Strengthened result for normalized Laplacians. For $L_{\text{sym}}$ : since $L_{\text{sym}} = D^{-1/2}LD^{-1/2}$ and $L \succeq 0$ , we have $L_{\text{sym}} \succeq 0$ . Moreover, $\mathbf{x}^\top L_{\text{sym}} \mathbf{x} \leq 2\lVert \mathbf{x} \rVert^2$ for all $\mathbf{x}$ , so $\lambda_k(L_{\text{sym}}) \in [0, 2]$ .

3.3 Connected Components via the Null Space

Theorem (Fiedler, 1973). The multiplicity of eigenvalue $0$ of the graph Laplacian $L$ equals the number of connected components of $G$ .

Proof.

$(\Rightarrow)$ Suppose $G$ has $k$ connected components $C_1, C_2, \ldots, C_k$ . For each component $C_\ell$ , define $\mathbf{v}^\ell \in \mathbb{R}^n$ as the indicator vector of $C_\ell$ : $v^\ell_i = 1$ if $i \in C_\ell$ , else $0$ . Then $L\mathbf{v}^\ell = \mathbf{0}$ because for any vertex $i \in C_\ell$ :

(L\mathbf{v}^\ell)_i = d_i v^\ell_i - \sum_{j:(i,j)\in E} v^\ell_j = d_i - d_i = 0

(all neighbors of $i$ are also in $C_\ell$ since components are isolated). The $k$ vectors $\mathbf{v}^1, \ldots, \mathbf{v}^k$ are linearly independent, so $\dim(\ker L) \geq k$ .
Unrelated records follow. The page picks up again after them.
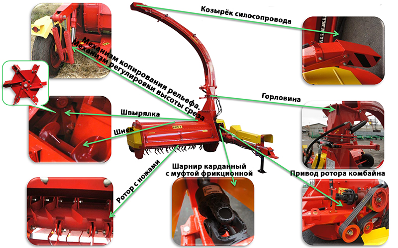 - Одновременно измельчает и загружает в транспортные средства измельченный грубоструктурный зеленый корм.
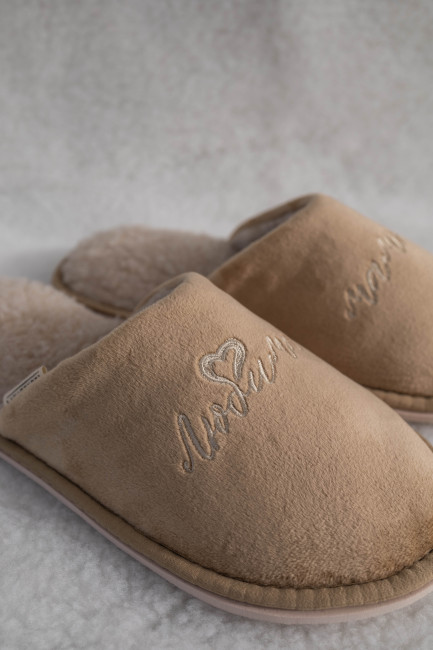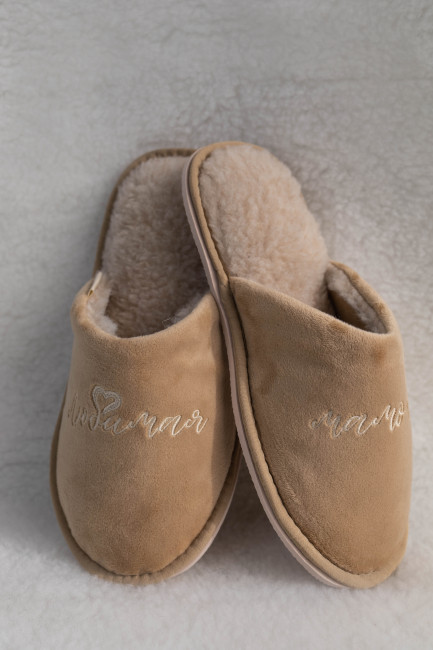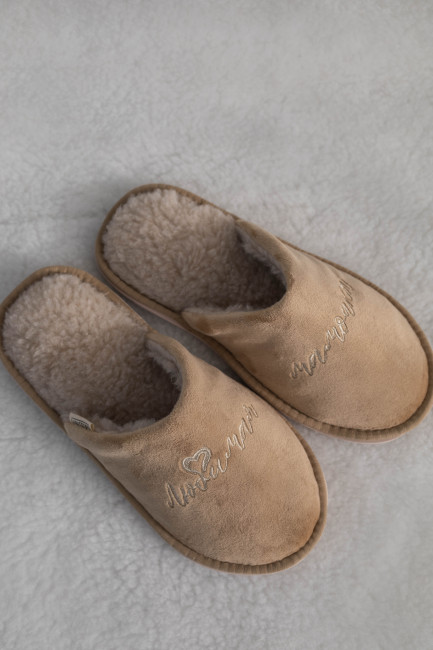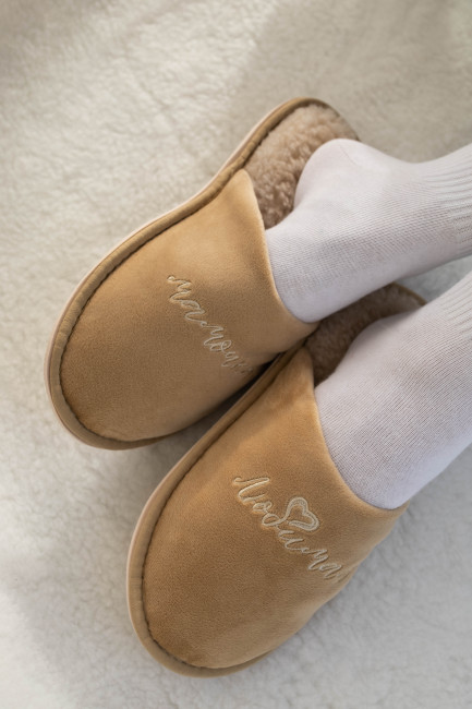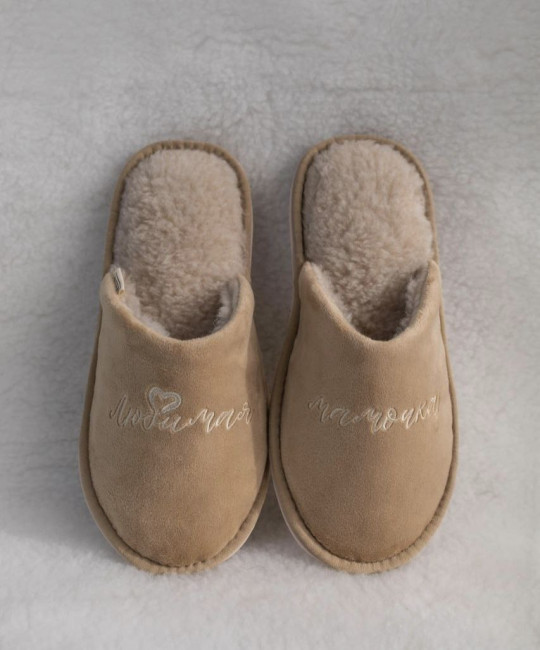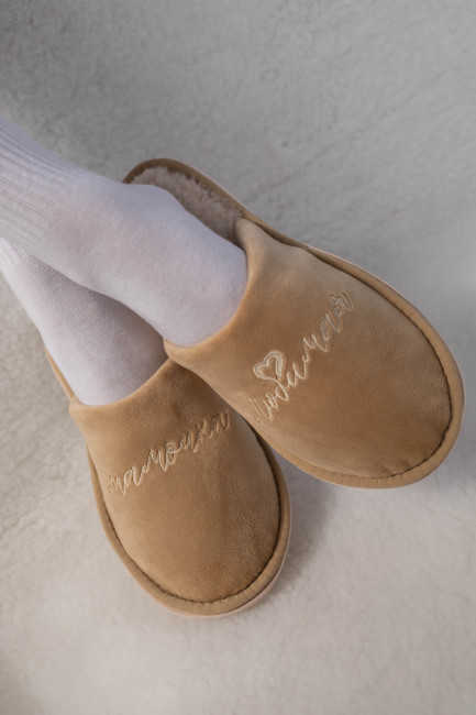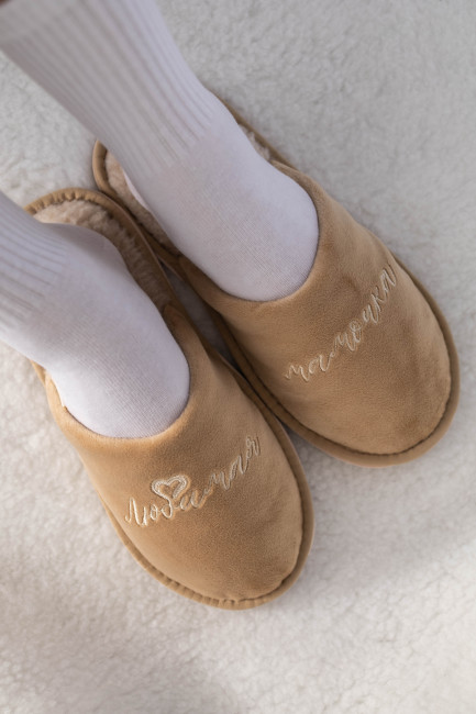 Домашние тапочки для бабушки выполнены в нежном бежевым цвете. Сверху нанесли изящную вышивку “Любимая бабушка”.
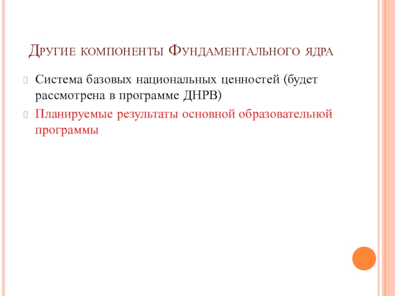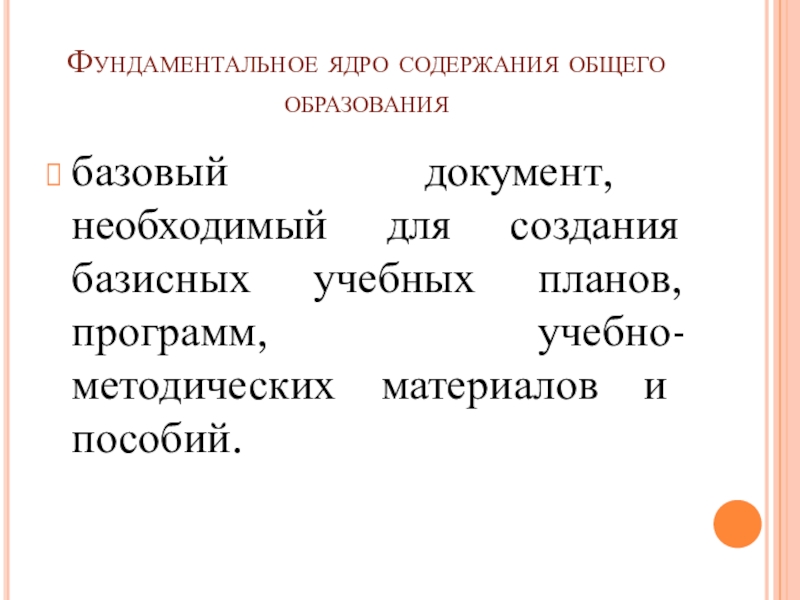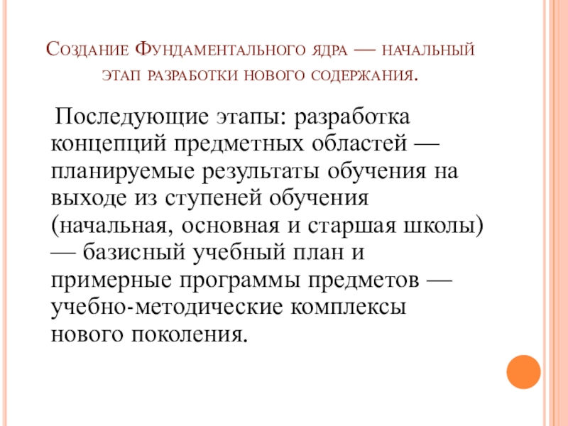 Слайд 13Создание Фундаментального ядра — начальный этап разработки нового содержания.
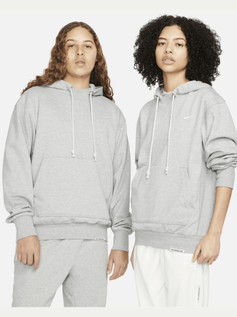 This sweat-wicking hoodie combines a classic look with the feel of modern performance for beyond the basketball court. It's soft, yet heavyweight, with coverage that's ready to go right out of your gym bag. Benefits - Nike Dri-FIT technology moves sweat away from your skin for quicker evaporation, helping you stay dry and comfortable. - Heavyweight French terry fabric has a soft, comfortable feel. - Zippered pocket at the right side is large enough to store most phones. Product Details - Ribbed neckband, side panel, cuffs and hem - Front pocket - Standard Issue woven label - Embroidered Swoosh graphic - Body: 61% cotton/39% polyester. Rib: 97% cotton/3% spandex. Hood lining: 100% cotton. - Machine wash - Imported - Shown: Cobalt Bliss/College Blue/College Blue - Style: DQ5818-479 SIZE & FIT Model is wearing size M and is 6′2″188cm Loose fit: roomy and relaxed
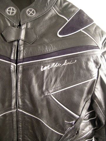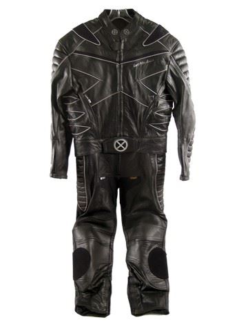 Direct from the production of X-Men (2000) is a very rare prototype 'Top Gear' motorcycle leather outfit used as reference for the numerous costumes used in the X-Men franchise. This jacket and style was created by the original costumer for the movie and is a size 44.

$(\Leftarrow)$ Suppose $L\mathbf{x} = \mathbf{0}$ . Then $0 = \mathbf{x}^\top L \mathbf{x} = \sum_{(i,j)\in E}(x_i - x_j)^2$ , which forces $x_i = x_j$ for every edge $(i,j)$ . Thus $\mathbf{x}$ is constant on each connected component. The dimension of the space of such functions equals the number of components. So $\dim(\ker L) \leq k$ .
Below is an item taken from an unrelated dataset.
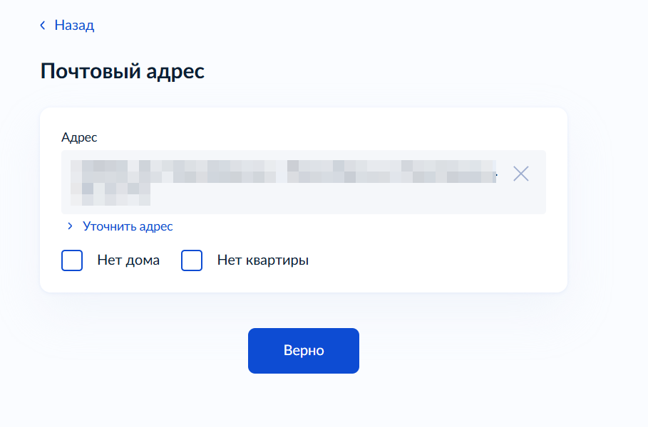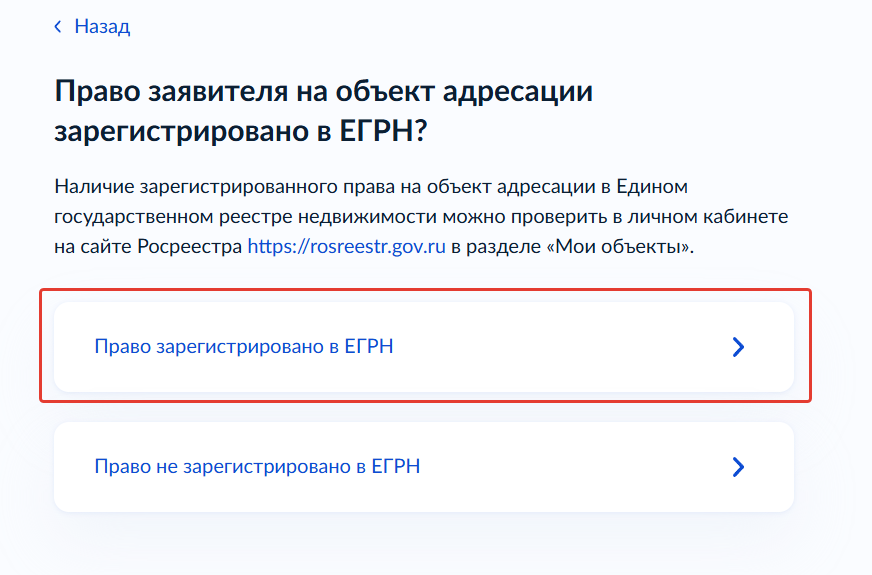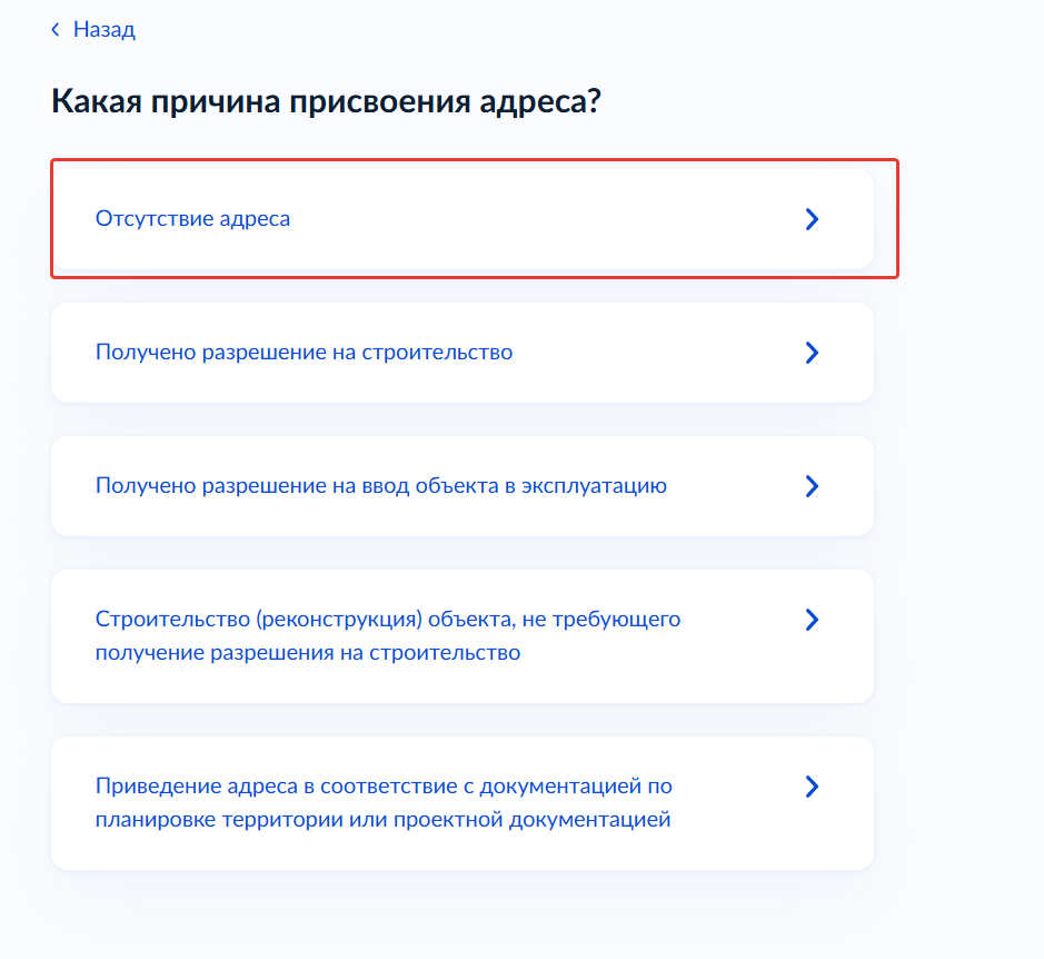 12. Если на 9 шаге выбрали 1 объект, сразу перекинет к п. 14 инструкции. Если на шаге 9 выбрали 2 объекта, то появится ещё один запрос причины изменения адреса, тут уже выбираем "Отсутствие адреса".

Combining both directions, $\dim(\ker L) = k$ . $\square$

Examples:

Fully connected graph ( $k=1$ ): $\lambda_1 = 0$ is simple; $\lambda_2 > 0$ .
Graph with 2 isolated components: $\lambda_1 = \lambda_2 = 0$ ; $\lambda_3 > 0$ .
Path $P_n$ : always connected; $\lambda_2 = 2 - 2\cos(\pi/n) > 0$ .

Non-example: For a disconnected graph with components of different sizes, the eigenvectors for $\lambda = 0$ are NOT all-ones vectors but rather indicator vectors of the components.
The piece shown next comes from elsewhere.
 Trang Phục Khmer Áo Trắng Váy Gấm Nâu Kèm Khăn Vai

3.4 Eigenvalue Bounds and Interlacing

Upper bound. For any connected graph:

\lambda_n(L) \leq 2 d_{\max}

where $d_{\max}$ is the maximum degree. For $d$ -regular graphs: $\lambda_n(L) = 2d$ iff the graph is bipartite.

Lower bound on $\lambda_2$ . From the Cheeger inequality (full treatment in 5):

\lambda_2 \geq \frac{h(G)^2}{2}

where $h(G)$ is the Cheeger constant.

Interlacing theorem. Let $H$ be an induced subgraph of $G$ on $m < n$ vertices, with Laplacian eigenvalues $0 = \mu_1 \leq \mu_2 \leq \cdots \leq \mu_m$ . Then:

\lambda_i(L_G) \leq \lambda_i(L_H) \leq \lambda_{n-m+i}(L_G) \quad \text{for } i = 1, \ldots, m

Interlacing means that removing vertices from a graph cannot increase $\lambda_2$ by more than the increase in $\lambda_n$ . This is used in structural arguments about graph connectivity after vertex removal.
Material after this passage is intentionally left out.